If an entry holds a picture, drop the picture and restate the rest word for word.

START Record excerpts

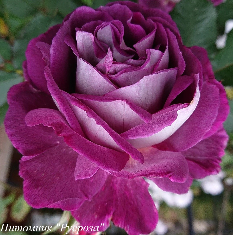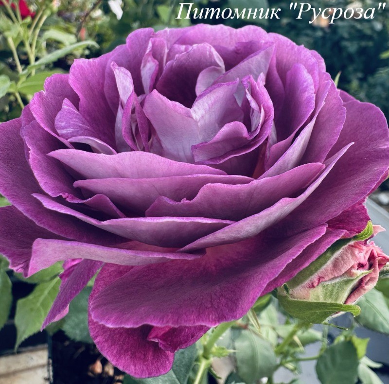 Цветок: сиренево-фиолетовый с бело-серебристой обратной стороной лепестка, чашевидный, махровый, 26 - 40 лепестков в одном цветке, диаметр цветка 8 - 10 см, обладает насыщенным ароматом, долго сохраняет форму, пригоден для срезки.
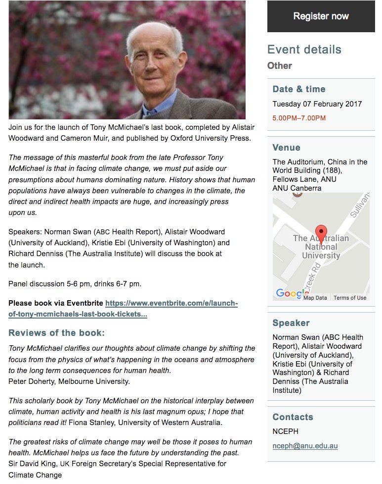 Coming up in 2017:Book launch of Tony McMichael's last book, Climate Change & the Health of the Nations:http://bit.ly/2hn3NIC
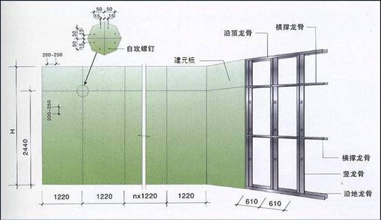· 通常情況下,作隔墻的建元板鋪設(shè)應(yīng)由下至上,采用縱向排布,即板的長(zhǎng)邊落在豎龍骨上。
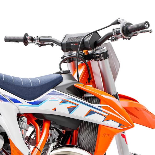 - Карты. Видимого переключателя карт на KTM 250 SX нет, но штатно в нём встроены две карты - стоковая и мягкая. Под левой стороной бензобака находится провод с белым пластиковым коннектором - его невозможно перепутать ни с чем, потому что это единственный белый коннектор. Стоковая карта считается “высокопроизводительной”, и большинство серьёзных райдеров едут именно с ней, но те, кто пока только изучает мотоцикл, будут рады возможности выбрать более плавный и менее агрессивный характер двигателя. Для этого следует просто разъединить белый коннектор под баком.
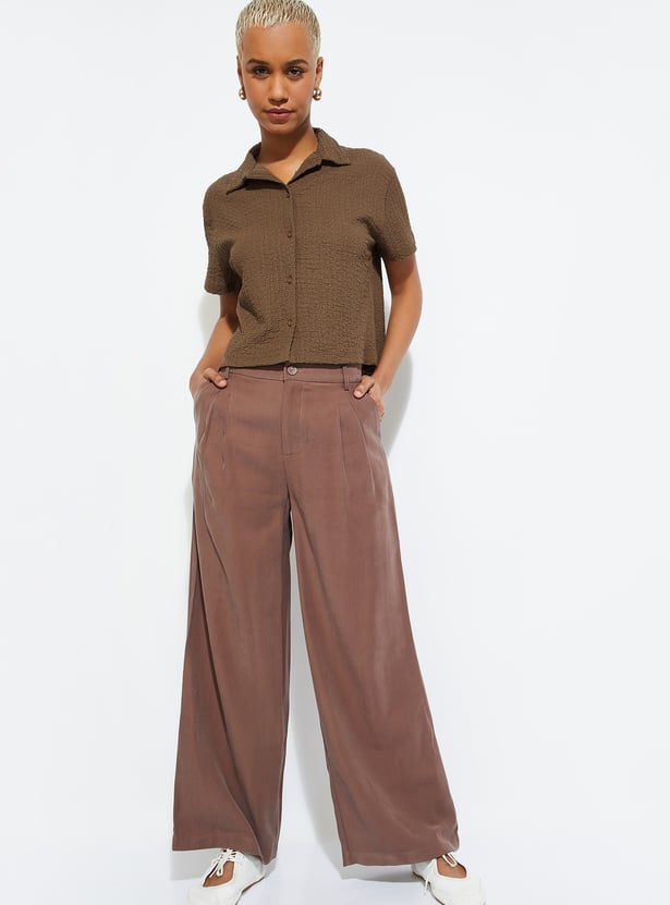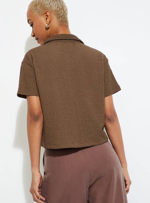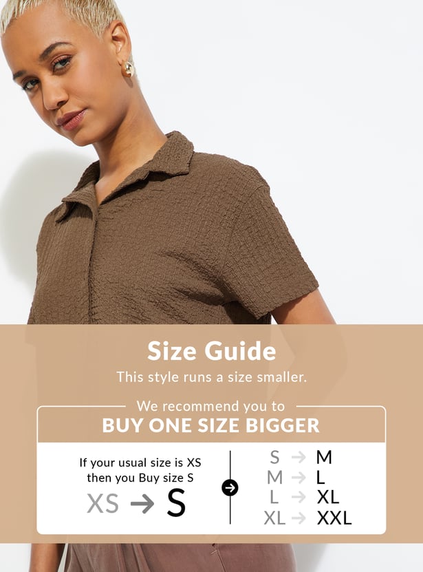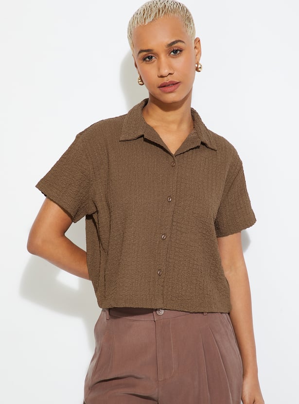Trendy and modern, this textured boxy fit crop shirt features a relaxed spread collar and a neat button closure. The half sleeves add comfort and ease, while the cropped silhouette gives it a chic, contemporary edge.
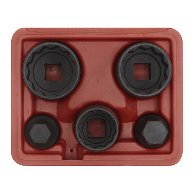 High quality Chrome Molybdenum hub impact sockets/hex bits. Specially designed for VAG vehicles. Suitable for use with 1/2"Sq drive impact tools. Supplied in storage case.
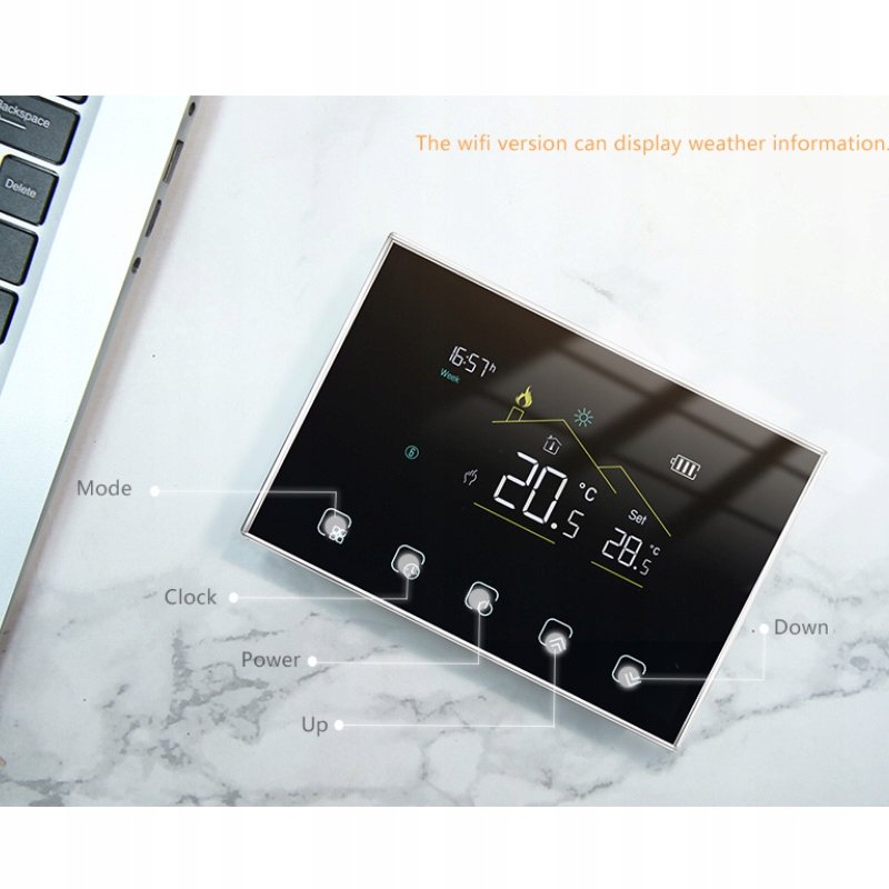 Zdalne sterowanie przez aplikację mobilną lub komputer (WIFI), zarządzaj temperaturą w swoim domu z dowolnego miejsca na świecie.
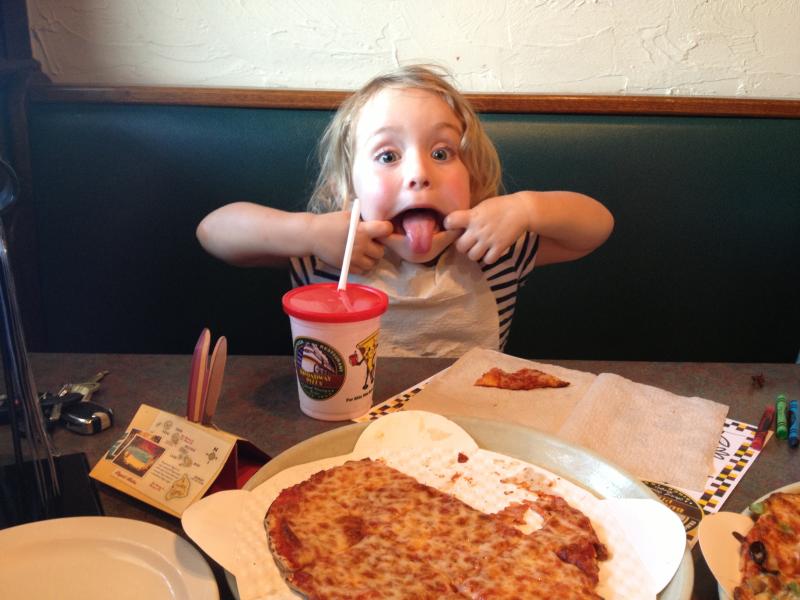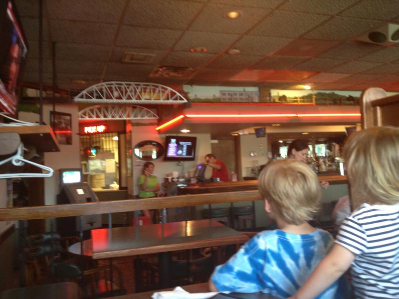 Watching the train at Broadway pizza
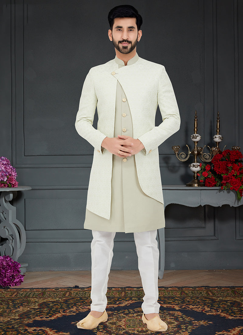 Cream White Jecquard Traditional Wear Weaving Italian Indo Western

END Record excerpts

> [Solution to this problem]
 Цветок: сиренево-фиолетовый с бело-серебристой обратной стороной лепестка, чашевидный, махровый, 26 - 40 лепестков в одном цветке, диаметр цветка 8 - 10 см, обладает насыщенным ароматом, долго сохраняет форму, пригоден для срезки.
 Coming up in 2017:Book launch of Tony McMichael's last book, Climate Change & the Health of the Nations:http://bit.ly/2hn3NIC
· 通常情況下,作隔墻的建元板鋪設(shè)應(yīng)由下至上,采用縱向排布,即板的長(zhǎng)邊落在豎龍骨上。
 - Карты. Видимого переключателя карт на KTM 250 SX нет, но штатно в нём встроены две карты - стоковая и мягкая. Под левой стороной бензобака находится провод с белым пластиковым коннектором - его невозможно перепутать ни с чем, потому что это единственный белый коннектор. Стоковая карта считается “высокопроизводительной”, и большинство серьёзных райдеров едут именно с ней, но те, кто пока только изучает мотоцикл, будут рады возможности выбрать более плавный и менее агрессивный характер двигателя. Для этого следует просто разъединить белый коннектор под баком.
Trendy and modern, this textured boxy fit crop shirt features a relaxed spread collar and a neat button closure. The half sleeves add comfort and ease, while the cropped silhouette gives it a chic, contemporary edge.
 High quality Chrome Molybdenum hub impact sockets/hex bits. Specially designed for VAG vehicles. Suitable for use with 1/2"Sq drive impact tools. Supplied in storage case.
 Zdalne sterowanie przez aplikację mobilną lub komputer (WIFI), zarządzaj temperaturą w swoim domu z dowolnego miejsca na świecie.
 Watching the train at Broadway pizza
 Cream White Jecquard Traditional Wear Weaving Italian Indo Western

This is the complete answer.